* _WORK INSTRUCTION_: The task calls for the lines below from the line with "Atlantic Opro Central" to the line with "Patiënten vervaardigen houten", both ends included, copied exactly, without any pictures.

* _PROVIDED RECORDS_:
※ ※ ※
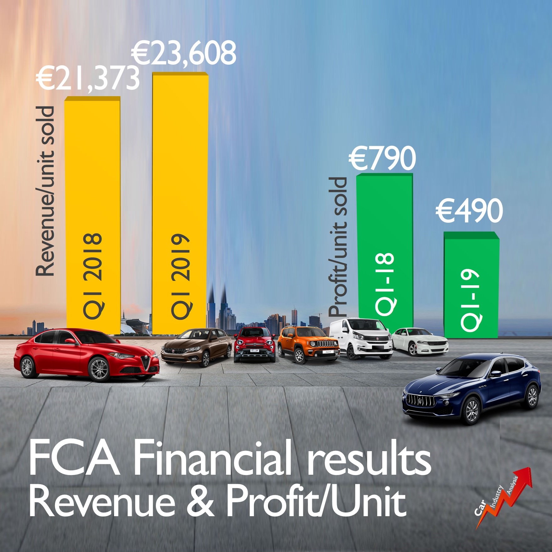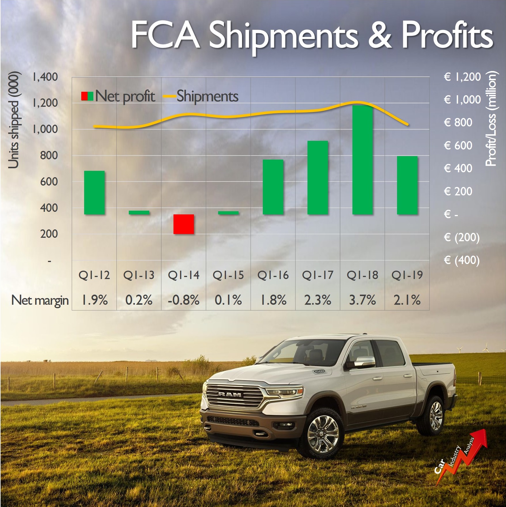 The first thing to consider in the comparison is that FCA was the 9th largest group by net profits in Q1-19. It was outperformed by the usual suspects (VW Group, Toyota, Daimler, GM and Ford) but also surprisingly by the likes of BMW Group and Mitsubishi Motors. The net profits of FCA fell almost twice the overall drop (-24%).
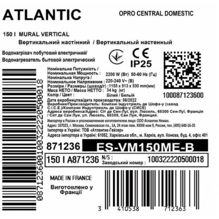 Atlantic Opro Central Domestic Wall Mounted 150 ES-VM150ME-B (2200W) — мощный напольный накопительный электрический водонагреватель, рассчитанный на объекты с высоким потреблением горячей воды.
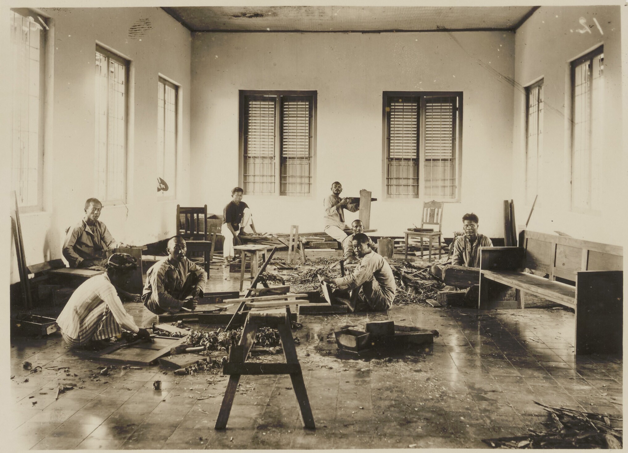 Patiënten vervaardigen houten meubels tijdens bezigh...
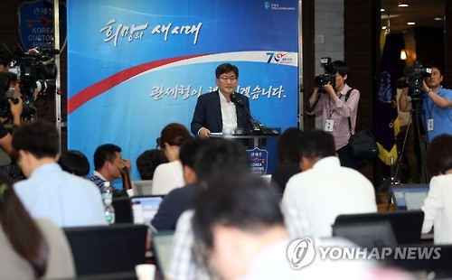 | △ 시내면세점 특허심사위원회 심의결과 발표 (영종도=연합뉴스) 신준희 기자 = 10일 오후 영종도 인천공항세관 수출입통관청사에서 특허심사위원장인 이돈현 관세청 차장이 새내 면세점 특허심사위원회 심의결과를 발표하고 있다. |
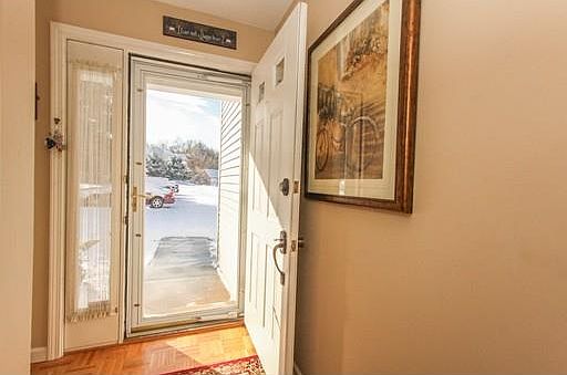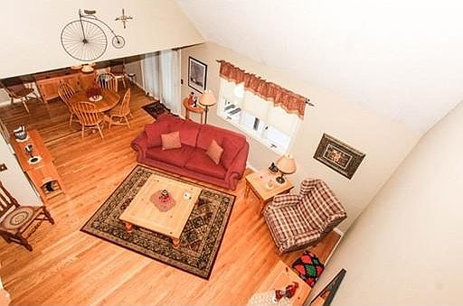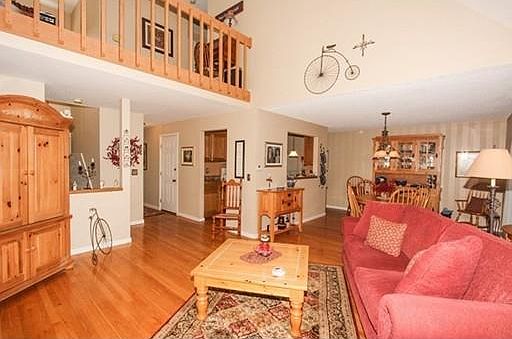 Enjoy the privacy of an end unit & convenience of condo living at the Woodcrest complex, unit boasts many custom features, impeccable condition, plenty of natural light w/its southern exposure & three levels of finished living space. First floor features hardwood flooring & open plan. Kitchen has granite tops, double bowl stainless under mount sink, new satin nickel faucet & wood cabinetry. Living area boasts two story cathedral ceiling w/skylight & adjacent dining area features newer french doors leading to outdoor deck- perfect spot for outdoor entertaining. Second floor has two large bedrooms, full bath and loft overlooking living room which could function as home office. Large master bedroom boasts walk in closet & double window w/custom built window seat. Finished walkout lower level offers almost 650 square feet of living space, half bath as well as access to patio. One car attached garage & two additional parking spaces add to the unit's easy living and appeal.
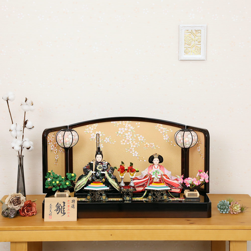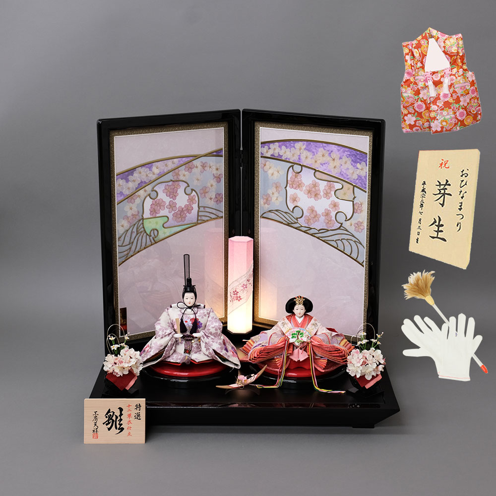 “正絹”生地で作られた桜モチーフが付いた和紙屏風の艶やかさが、お着物にもマッチして、エレガントな印象の親王飾りに仕上がっています。【B】n23uw-k20pr-cc5
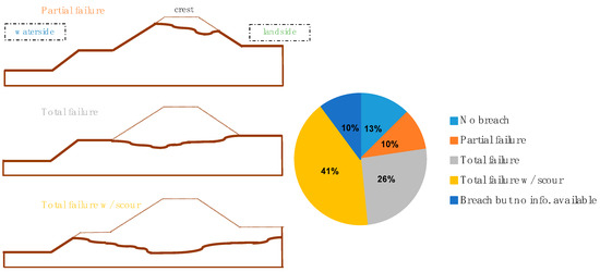 After these events, data was collected on levee failure cases, including location, geometry, levee structure, subsoil structure, vegetation, breach geometry and failure time. According to post-investigations [23,47], different degrees of damage have been observed on the levees. Based on the change in levee cross section, the breaches occurred in 2002 and 2013 are classified into three groups (Figure 9) as (a) partial failure (10%), where the breach depth was less than the crest height; (b) total failure (26%), when the crest was completely washed away; and (c) total failure with scour (41%), when, in addition to the crest, the soil beneath the toe level was also eroded. In most of the cases, the causes of levee failures were attributed to a combination of loads and local conditions (e.g., old breaches, tree roots, poor maintenance) [23].
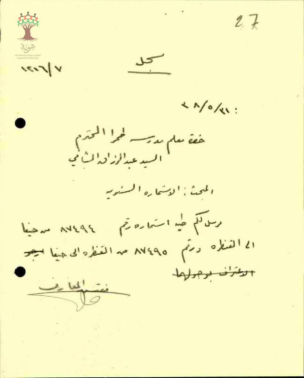 رسالة من مفتش المعارف الى المعلم عبد الرزاق الشامي يعلمه بارسال استمارة السفر
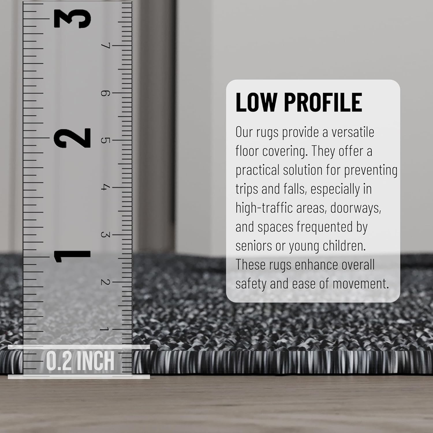 - [ULTRA THIN]: An ultra thin pile thickness of 0.2 inches offers ideal functionality that is perfect for busy areas, underneath furniture, and in entryways as it will not obstruct doorways.
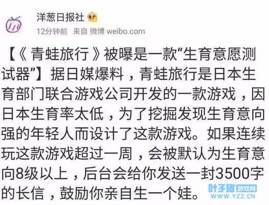 洋葱日报社签名:反正我们的资讯都是假资讯。 日本的生育率低下一直是困扰日本的大事情。而近年来,这个生育率这个问题也开始困扰到我国。即使开放二胎也难阻人口出生率的持续下跌。开发一款游戏刺激生育率,对日本人民来说也并非是没可能啊! 因为养蛙超过一周,确实能体验到全套养娃的喜怒哀乐
※ ※ ※
* _SOLUTION TO THIS EXERCISE_:
 Atlantic Opro Central Domestic Wall Mounted 150 ES-VM150ME-B (2200W) — мощный напольный накопительный электрический водонагреватель, рассчитанный на объекты с высоким потреблением горячей воды.
 Patiënten vervaardigen houten meubels tijdens bezigh...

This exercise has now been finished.